Le titre dans le Daily Mail britannique frappe la note exagérée habituelle:
«Il était le grand chef»: Tombeau de l'ancien roi qui a jeté les bases de la civilisation maya en 700 av. J.-C. mis au jour par des archéologues
La citation de l'archéologue est légèrement mais significativement différente:
"Il était le grand chef", a déclaré l'archéologue gouvernemental Miguel Orrego. «Le dirigeant qui a comblé les écarts entre les cultures olmèque (pré-Maya) et Maya et a initié la lente transition vers la domination maya».
Entre l'expression du spécialiste «la lente transition vers la domination maya» et les exubérants «fondements de la civilisation maya» du Daily Mail , il existe un écart franchement beaucoup plus grand et plus difficile à combler que celui entre les Olmèques et les Mayas.

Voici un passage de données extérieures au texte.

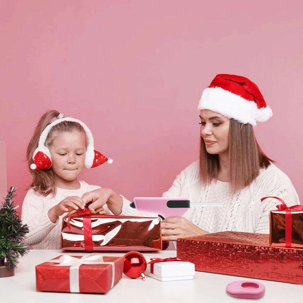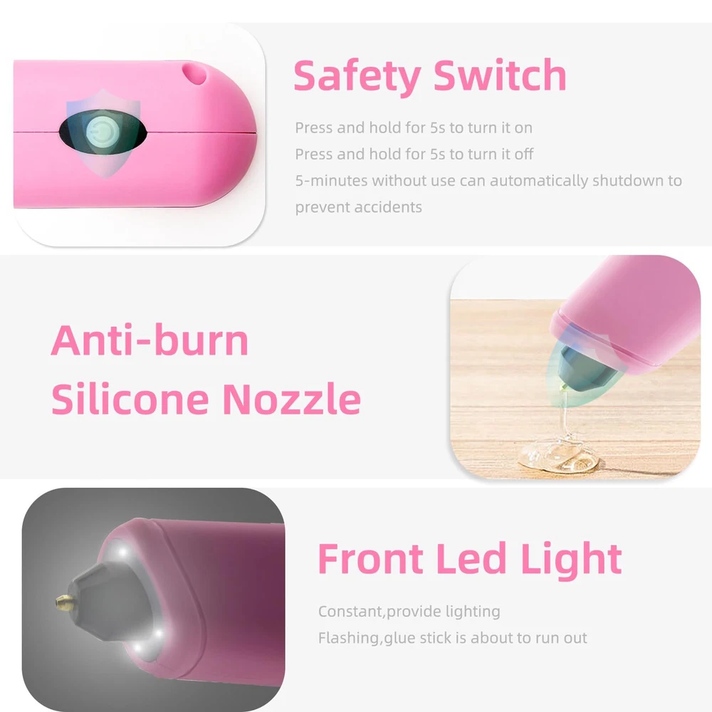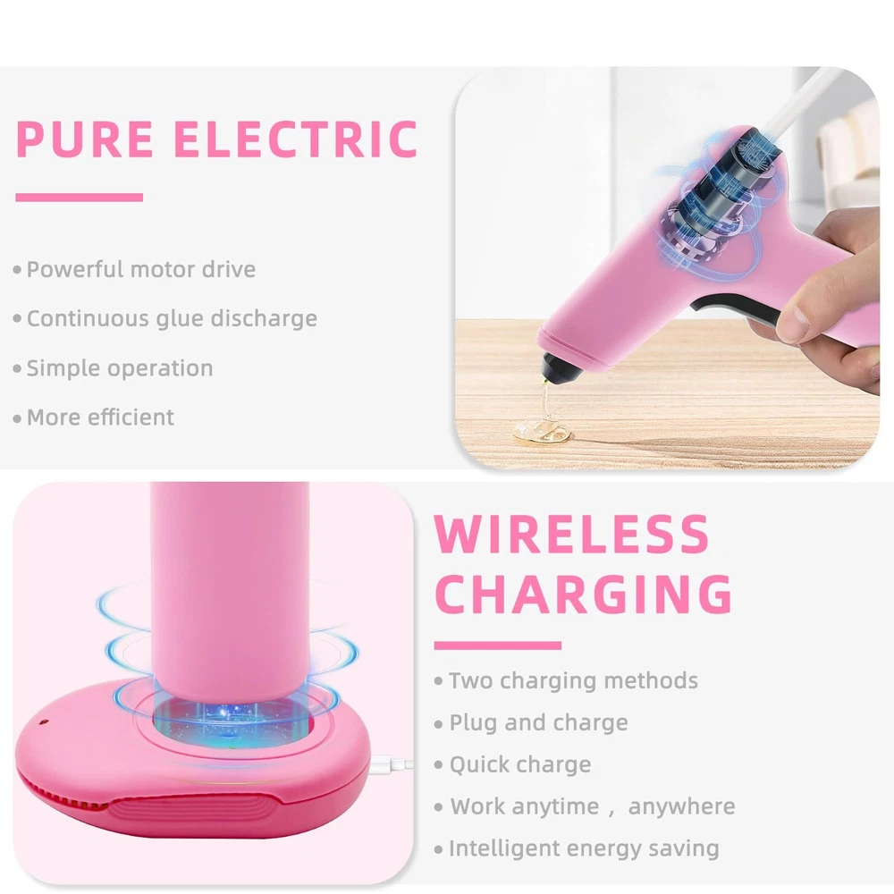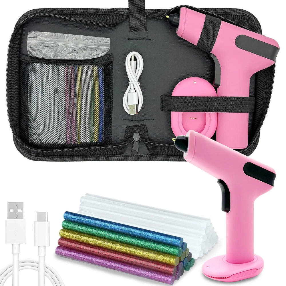 15S FAST PREHEATING: The mini cordless glue gun fast preheat within 15s. It is faster than all the conventional glue guns! Eliminating long wait times and significantly enhancing work productivity. Press about 5s to turn on/off the cordless glue gun. 4000mAh LONG-LASTING BATTERY: This small hot glue gun is equipped with a 4000mAh premium lithium-ion battery, the cordless glue guns can work for up to 100 minutes. Come with a Type-C charging cable, Charging Anywhere! No cord No limits! 5 MINUTES AUTOMATIC POWER OFF PROTECTION: The cordless glue gun with intelligent safety system will power off automatically when it has been inactive for more than 5 minutes, safety and saves energy. Anti-drip Design and heat resistant silicone nozzle prevent leakage making this cordless glue gun extremely safe to use. Type-C QUICK CHARGING: TWO WAYS to charge the cordless glue gun. Charge the glue gun directly or Charge with dock. FRONT LED LIGHT FLASHING when glue stick is about to run out. This cordless glue gun perfect for Crafts, school DIY projects, home repairs CORDLESS HOT GLUE GUN KIT: This mini cordless hot glue gun come with 30 glue sticks(10 colored and 20 clear, Size: 0.28inch*4inch), 1 x Carry Case, 1x Type-C charging cable, 1 x charging Base. If you have any issues while using this cordless glue gun kit please contact us.

Commençons par ce qui a été découvert. La langue utilisée dans une grande partie de la couverture peut être retracée à un article de Romina Ruiz-Goiriena (en espagnol pour les lecteurs bilingues). La couverture de Reuters en langue anglaise semble être une source plus directe pour le Daily Mail .
L'objet de l'excitation est un enterrement découvert en juin sur le site de Tak'alik Ab'aj, à Highland, au Guatemala. Il contenait une grande quantité de bijoux de jade et quelques pots élaborés, et a été localisé par des fouilles continues à partir d'un groupe précédemment découvert de 6 grandes figurines d'argile, maintenant compris pour faire partie de la nouvelle sépulture.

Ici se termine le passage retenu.